[DATASET ENTRIES — start]

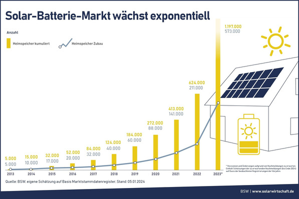 Die Nachfrage nach Solarstromspeichern ist im Jahr 2023 um über 150 % gestiegen. Inzwischen sind über 1 Mio. stationäre Stromspeicher in Betrieb.
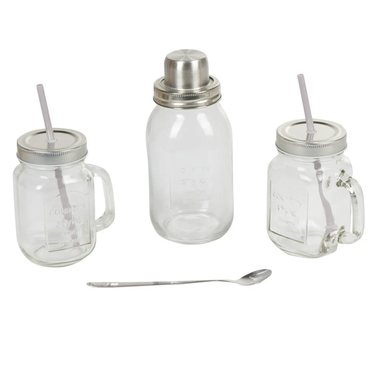 Coffret à cocktail, comprend 2 bocaux, 1 shaker en inox, 1 cuillère et paille transparente.
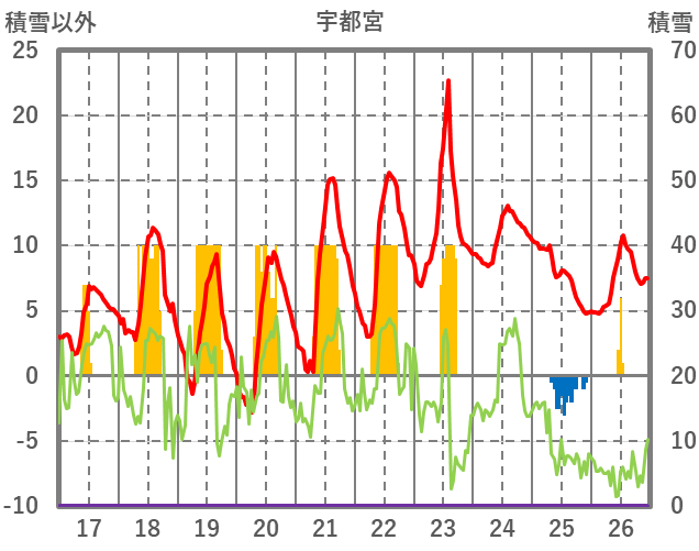 | 日 | 時 | 気温 | 降水 | 風向/風速 | 日照 | 積雪 | 降雪 |
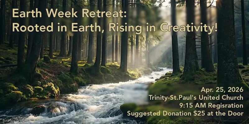 Join Trinity St. Paul's United Church for an Earth Day Retreat on Saturday, April 25th, Rooted in Earth, Rising in Creativity! This day-long retreat will be an opportunity to explore our relationship with the Earth, honour our feelings about the climate crisis, nurture and renew our spirits, and get inspired for healing work in the world.
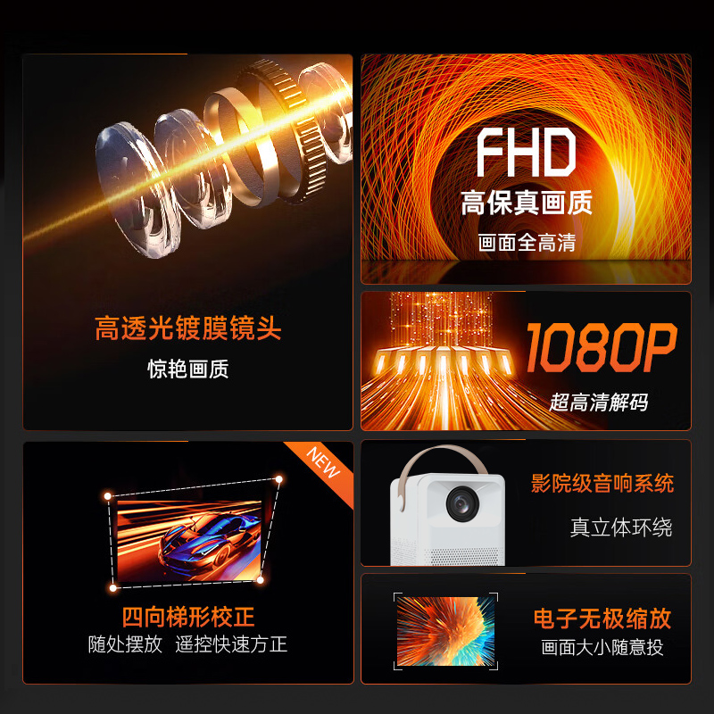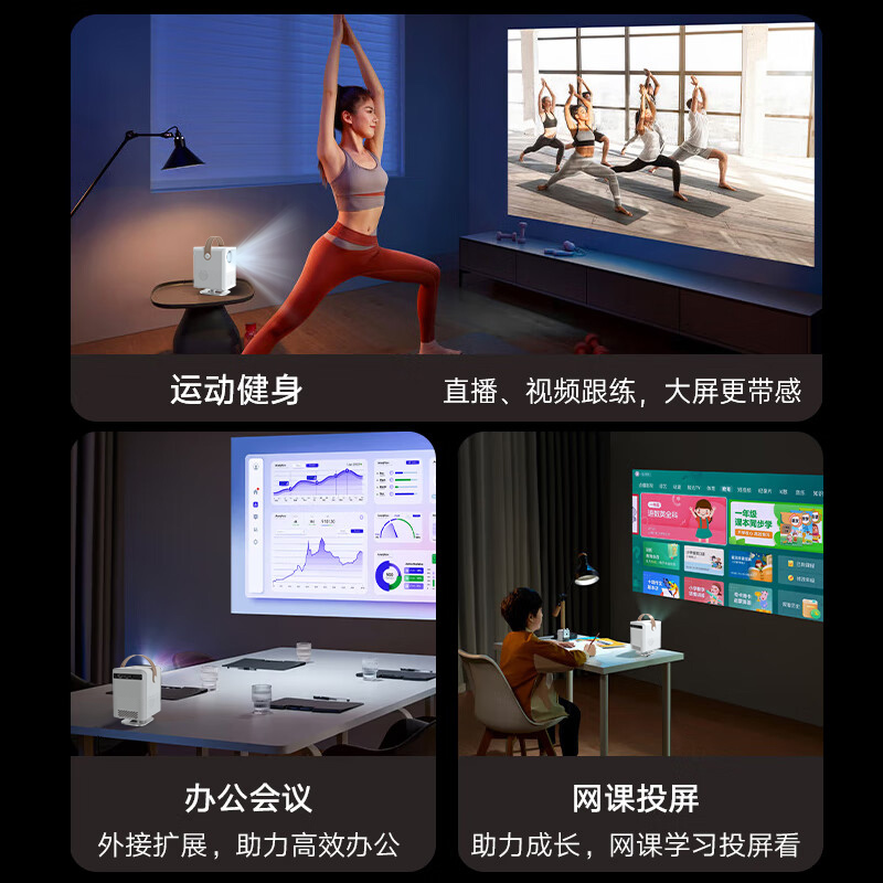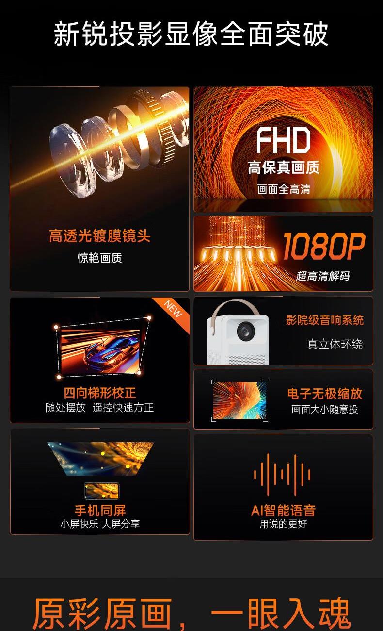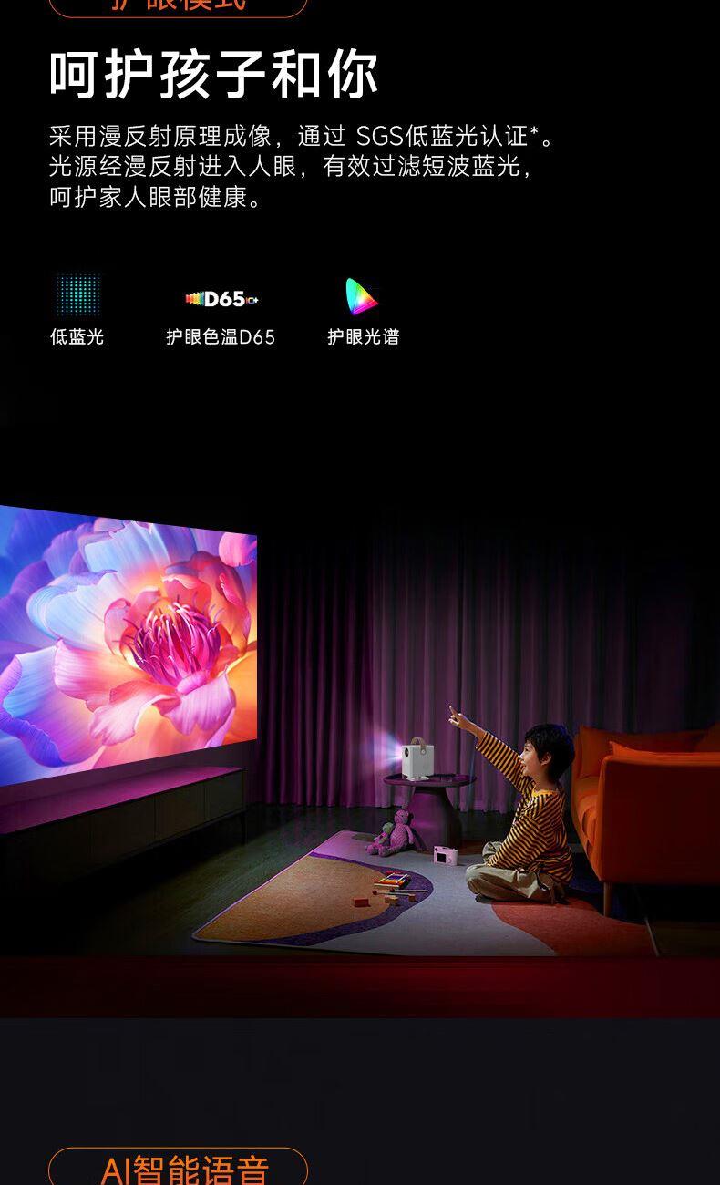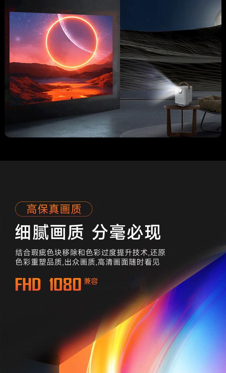 型 号 :TY02 颜 色 :白色 扬声器: 5W 系统版本:安卓语音版 蓝 牙:5.0 投影技术:2.6“LCD显示 投影比:16:9 支持高分辨率:1920*1080P 梯形矫正:支持 亮度: 200ANSI 流明 对比度:1000:1 投影尺寸:40-100英寸 对焦:电动对焦 输入电压:100V-240V(±10%) 毛重:1150g 产品尺寸:115*95*135mm 一箱 :12/件 Ai智能语音控制系统,老人孩子都可操作 支持苹果安卓手机同屏/投屏,内置安卓系统海量影片可在线观看,便携设计,携带无负担,支持1080高清播放,内置独立音箱,多种设备链接,手机/平板/U盘/移动硬盘/网络盒子等,漫反射原理,呵护眼睛健康
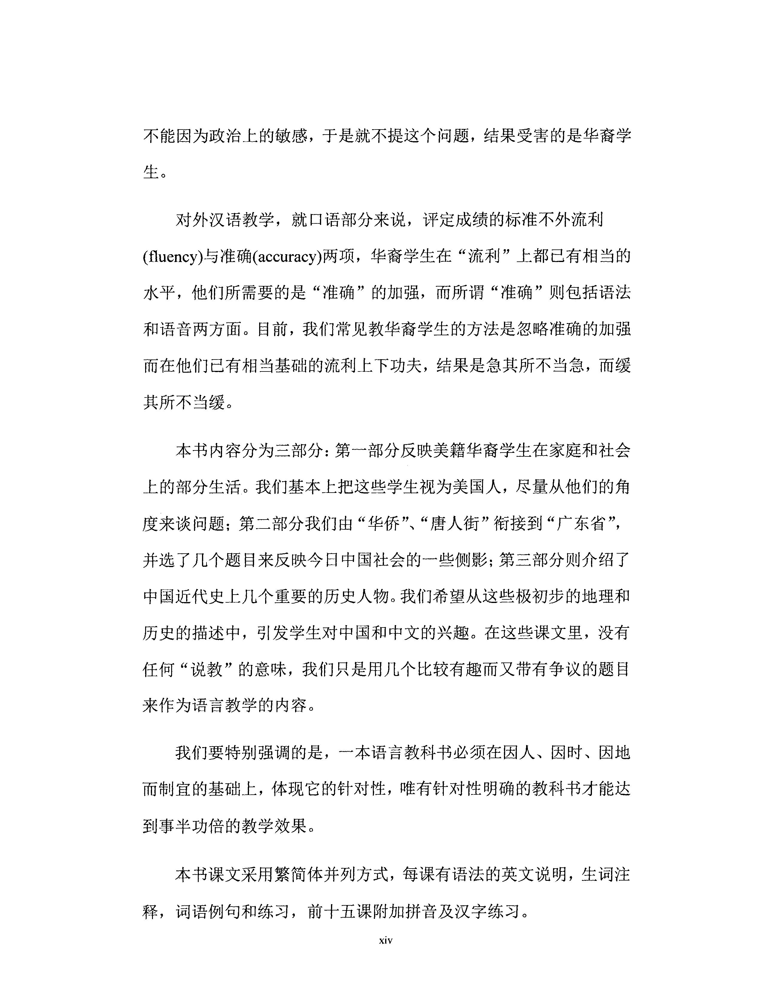 The contents of the lessons in this book comprise three parts. The first part looks at home life and social life in America of Chinese-American young people; the second part links the ideas of "overseas Chinese" and "Chinatown" to life in "Guangdong province," and includes vignettes of daily life in China; the third part introduces some major figures in modem Chinese history. We feel that these themes will suit your practical needs in using Chinese and will provide a bridge to using Chinese for advanced study of China.

[DATASET ENTRIES — finish]

- _EXERCISE REQUIREMENTS_
Return the records above verbatim, images excluded.

- _EXERCISE SOLUTION_
 Die Nachfrage nach Solarstromspeichern ist im Jahr 2023 um über 150 % gestiegen. Inzwischen sind über 1 Mio. stationäre Stromspeicher in Betrieb.
 Coffret à cocktail, comprend 2 bocaux, 1 shaker en inox, 1 cuillère et paille transparente.
 | 日 | 時 | 気温 | 降水 | 風向/風速 | 日照 | 積雪 | 降雪 |
 Join Trinity St. Paul's United Church for an Earth Day Retreat on Saturday, April 25th, Rooted in Earth, Rising in Creativity! This day-long retreat will be an opportunity to explore our relationship with the Earth, honour our feelings about the climate crisis, nurture and renew our spirits, and get inspired for healing work in the world.
 型 号 :TY02 颜 色 :白色 扬声器: 5W 系统版本:安卓语音版 蓝 牙:5.0 投影技术:2.6“LCD显示 投影比:16:9 支持高分辨率:1920*1080P 梯形矫正:支持 亮度: 200ANSI 流明 对比度:1000:1 投影尺寸:40-100英寸 对焦:电动对焦 输入电压:100V-240V(±10%) 毛重:1150g 产品尺寸:115*95*135mm 一箱 :12/件 Ai智能语音控制系统,老人孩子都可操作 支持苹果安卓手机同屏/投屏,内置安卓系统海量影片可在线观看,便携设计,携带无负担,支持1080高清播放,内置独立音箱,多种设备链接,手机/平板/U盘/移动硬盘/网络盒子等,漫反射原理,呵护眼睛健康
 The contents of the lessons in this book comprise three parts. The first part looks at home life and social life in America of Chinese-American young people; the second part links the ideas of "overseas Chinese" and "Chinatown" to life in "Guangdong province," and includes vignettes of daily life in China; the third part introduces some major figures in modem Chinese history. We feel that these themes will suit your practical needs in using Chinese and will provide a bridge to using Chinese for advanced study of China.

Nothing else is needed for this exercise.